**TASK DESCRIPTION:**
Only the pictures are to be left out; please reproduce everything else in the data exactly.

*** Opening of SUPPLIED DATA ***

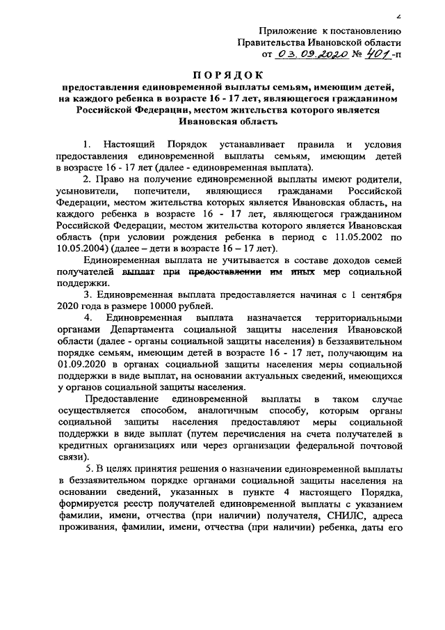Постановление Правительства Ивановской области от 03.09.2020 N 401-п "Об установлении единовременной выплаты семьям, имеющим детей, на каждого ребенка в возрасте 16 - 17 лет, являющегося гражданином Российской Федерации, местом жительства которого является Ивановская область" (вместе с "Порядком предоставления единовременной выплаты семьям, имеющим детей, на каждого ребенка в возрасте 16 - 17 лет, являющегося гражданином Российской Федерации, местом жительства которого является Ивановская область")
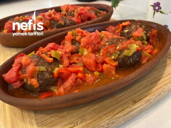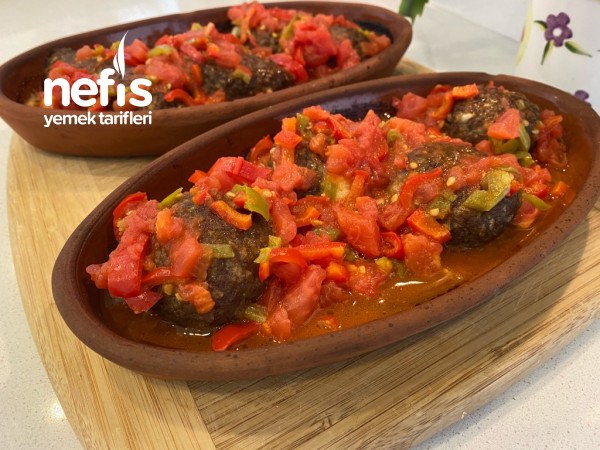 Kiremitte Soslu Kaşarlı Köfte(Videolu)
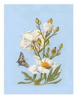 'A Proud Poppy of California' Matilija Poppy (Romneya coulteri) and Western Tiger Swallowtail. The artist writes: These huge and beautifully scented flowers belong to a family of plants first discovered in the Santa Ana mountains by Irish botanist Thomas Coulter during his travels around southern California between 1826 and 1836. The Latin name is tribute to him and his great friend, the Irish astronomer Romney Robinson.
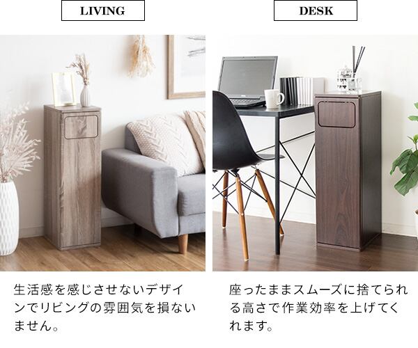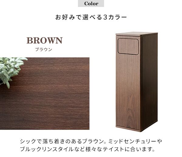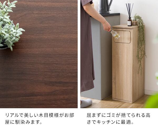 臭いが漏れにくく押すだけで簡単に捨てられるプッシュ扉式の木目調プッシュ式ダストボックスです。

*** Close of SUPPLIED DATA ***

**RESULT:**
Постановление Правительства Ивановской области от 03.09.2020 N 401-п "Об установлении единовременной выплаты семьям, имеющим детей, на каждого ребенка в возрасте 16 - 17 лет, являющегося гражданином Российской Федерации, местом жительства которого является Ивановская область" (вместе с "Порядком предоставления единовременной выплаты семьям, имеющим детей, на каждого ребенка в возрасте 16 - 17 лет, являющегося гражданином Российской Федерации, местом жительства которого является Ивановская область")
 Kiremitte Soslu Kaşarlı Köfte(Videolu)
 'A Proud Poppy of California' Matilija Poppy (Romneya coulteri) and Western Tiger Swallowtail. The artist writes: These huge and beautifully scented flowers belong to a family of plants first discovered in the Santa Ana mountains by Irish botanist Thomas Coulter during his travels around southern California between 1826 and 1836. The Latin name is tribute to him and his great friend, the Irish astronomer Romney Robinson.
 臭いが漏れにくく押すだけで簡単に捨てられるプッシュ扉式の木目調プッシュ式ダストボックスです。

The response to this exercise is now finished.